See below from the guide:
!--- Enables Network Address Translation (NAT)
!--- of the inside source address that matches access list 111
!--- and gets PATed with the FastEthernet IP address.
ip nat inside source list 111 interface FastEthernet1/0 overload
!
!--- The access list is used to specify which traffic
!--- is to be translated for the outside Internet.
access-list 111 deny ip 10.10.10.0 0.0.0.255 192.168.1.0 0.0.0.255
access-list 111 permit ip any any
Please remember to rate all posts that are helpful.
01-17-2011 03:44 AM
You would need to configure NAT exemption for traffic between the local LAN towards the VPN ip pool subnet.

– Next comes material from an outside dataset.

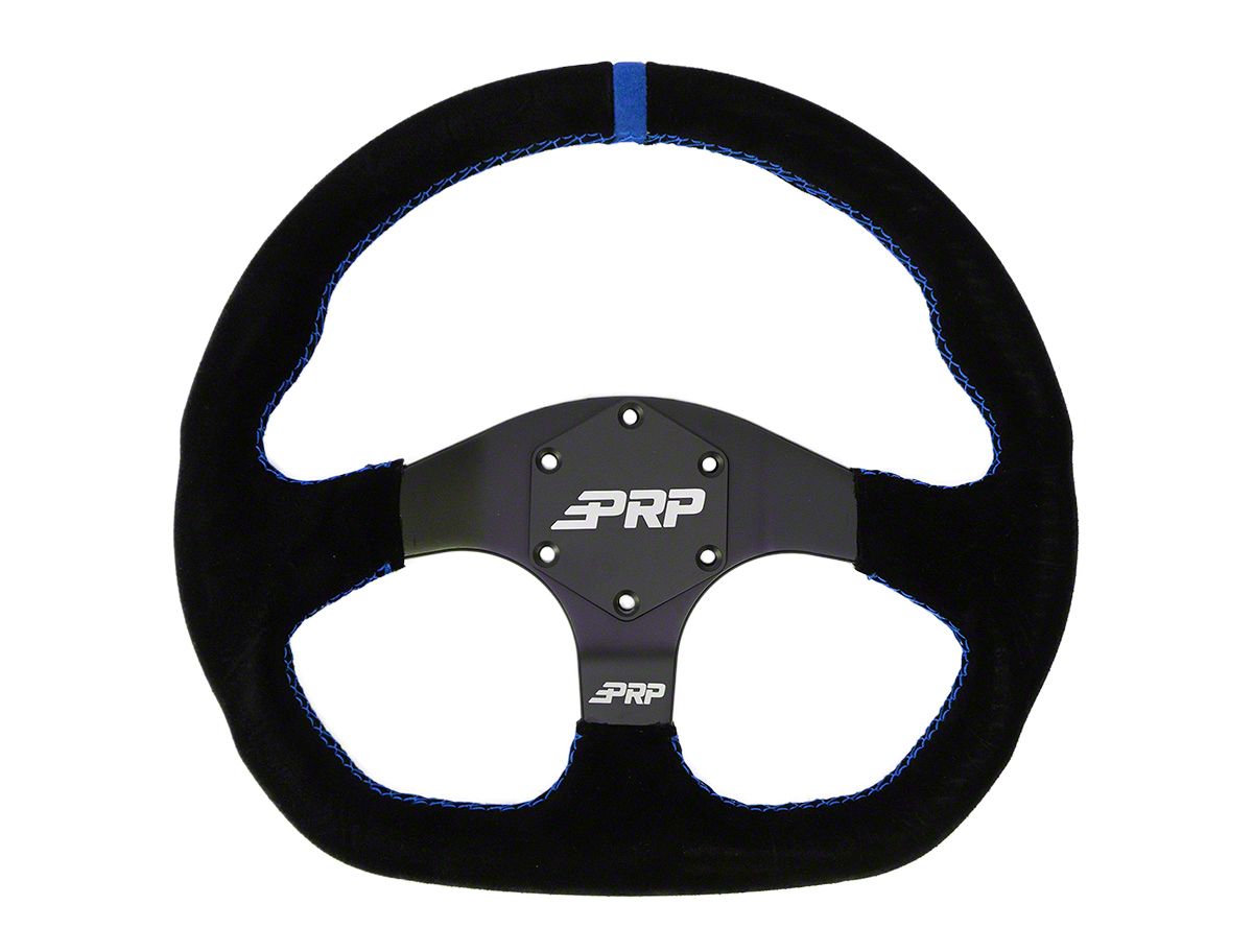 Precision Steering Feedback. This PRP Comp-R Suede Steering Wheel; Blue offers a 350-mm deep-dish design wrapped in high-grip suede, delivering crisp feedback and secure handhold during spirited driving or off-road maneuvers. The 12-o-clock yellow centermark aids in rapid wheel orientation.

Currently you have the following:
ip nat inside source list 1 interface FastEthernet4 overload
ACL 1 is used for PAT traffic from LAN towards the Internet.
That needs to be changed to the following:
access-list 110 deny ip 192.168.254.0 0.0.0.255 192.168.253.0 0.0.0.255
access-list 110 permit ip 192.168.254.0 0.0.0.255 any
ip nat inside source list 110 interface FastEthernet4 overload
Then remove the existing NAT statement:
no ip nat inside source list 1 interface FastEthernet4 overload
If you would like to access the Internet while connected via VPN, you can configure split tunneling as follows:
access-list 120 permit ip 192.168.254.0 0.0.0.255 192.168.253.0 0.0.0.255
crypto isakmp client configuration group AKK
acl 120
That should resolve both your issues. Hope that helps.
01-17-2011 03:44 AM
Hi,
I suggest that you consult the following configuration guide that outlines split tunneling
Is this the only subnet that you want to be encrypted?
ip access-list extended splitremote
permit ip 192.168.254.0 0.0.0.255 any
If so this ACL has not been applied in the crypto isakmp client configuration group configuration. Check the guide for details.
Also your NAT config is incomplete:
ip access-list extended NAT
The guide also explains how to exclude the VPN pool from being NATed.
See below from the guide:
!--- Enables Network Address Translation (NAT)
!--- of the inside source address that matches access list 111
!--- and gets PATed with the FastEthernet IP address.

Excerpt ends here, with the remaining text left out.